In your case I would try to change the least amount possible of the Fortran program. I would try to wedge the "pseudo-shell" from the Fortran code, e.g. making it its own module, and build an interface to that module. Like that you can use all of the original Fortran code and the modifications, bugfixes and updates from your peers, even in the future. The key is to not distance your code to far from the original/ mainstream because in scientific communities usually not everybody will agree with major changes to the source code and update their workflow or source code accordingly. Therefore future work from your peers might not be made in your version, but in the original source code and it would be your own responsibility to merge those changes into your version, which gets easier the less you change.

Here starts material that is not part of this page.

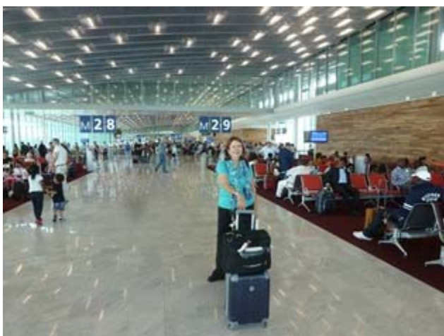
Home and then off again for Cameroon
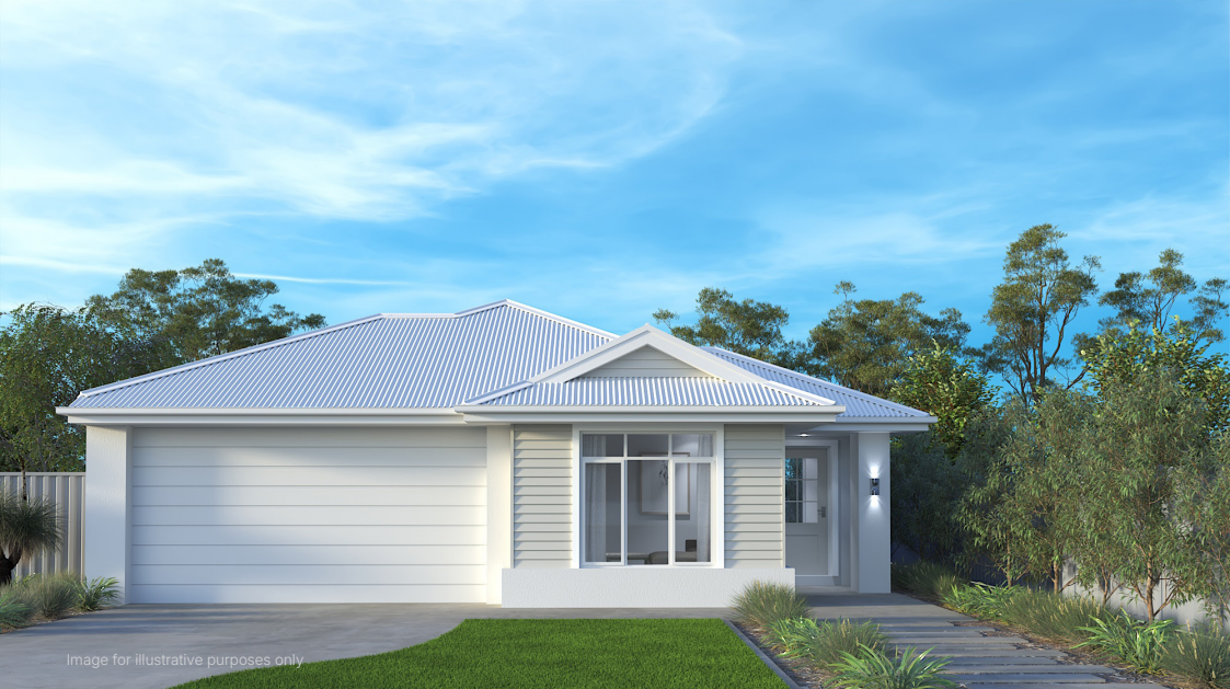
Image for illustrative purposes only

Using that interface you can work on your python shell and maybe even build a GUI for it without having to worry about changing anything in the original progam. This reduces the risk to introduce bugs or change the results of the original. Your Shell/ GUI would therefore work as a wrapper around the original program to simplify the workflow and remove inconsistencies. All the "intelligence" and utilities, like error & cross checking of the user-input, help pages, tutorials/ howto, etc. would be implemented in the Python wrapper, which would parse these inputs, translate them to the corresponding commands for your Fortran program, send them and wait for the results.
After you have simplified the usage of the program I would write some automatisation for the tests (setup + evaluation) to complete your utilities suite. Like that even somebody new to the program would be able to make changes to the code without having to worry about unknowingly changing the results. This should enable your tools to benefit the community which will attract new users and therefore encourage further development within the community.

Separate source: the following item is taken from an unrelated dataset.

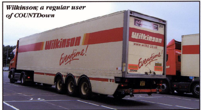
Wilkinson; a regular user of COUNTDown

It sounds too good to be true but, the makers Highspeed Lubricants Ltd, carried out exhaustive laboratory and field testing before launch and with impressive results. COUNTDown has been taken up by many in the commercial field including transport fleets, county councils and some "blue light" services and is now in use across the country with individual motorists. Typical is the response from the Wilkinson Group. This leading high street retailer is a regular COUNTDown user and takes its environmental responsibilities seriously especially when it comes to its transport fleet. With well over 100 lorries on the road servicing the home and garden retailers 200 plus stores in England and Wales, the company considers vehicle safety and pollution control vital so it uses COUNTDown to maintain low particulate emis-

Only as the last step I would replace the parts of the code using C with Fortran90+ methods to simplify the code. This is an extensive change of the codebase and needs a lot of tests to ensure EVERY possible combination of commands is checked and verified before and after the changes.
This method also has the benefit, that you could possibly make your interface/ GUI open source (you have to check the licence of your program of course) as long as it is seperable from the source code of the Fortran program. The Fortran - Python interface would have to be provided, or installed/ generated from source files when your interface is loaded using some simple build skript as seen in the first link of this post.

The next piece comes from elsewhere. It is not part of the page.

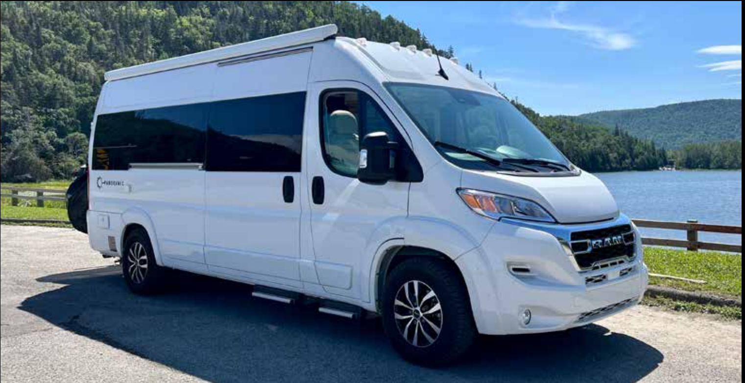
RAM Promaster 3500, Pentastar 3.6 L, 280HP

For the manipulation of internal data I would write a seperate wrapper routine, that only handles the data interface. This should be done in Cython though to enable you to use allocatable arrays, etc. Because this interface would work with "pass-by-reference" you should be able to use the full collection of Python (numpy) tools to manipulate the arrays and data.
Background
I did something similar using our research code for helicopter rotordynamics. This is also a very old and large program written in Fortran77 (e.g. goto bonanza). The newer additions and modifications to the code are usually done in Fortran90/2003.
Using parts of this code (several subroutines & module files) I generated a python library to connect our GUI (Python & Qt) to the Fortran program; mainly for postprocessing of Fortran binary output files.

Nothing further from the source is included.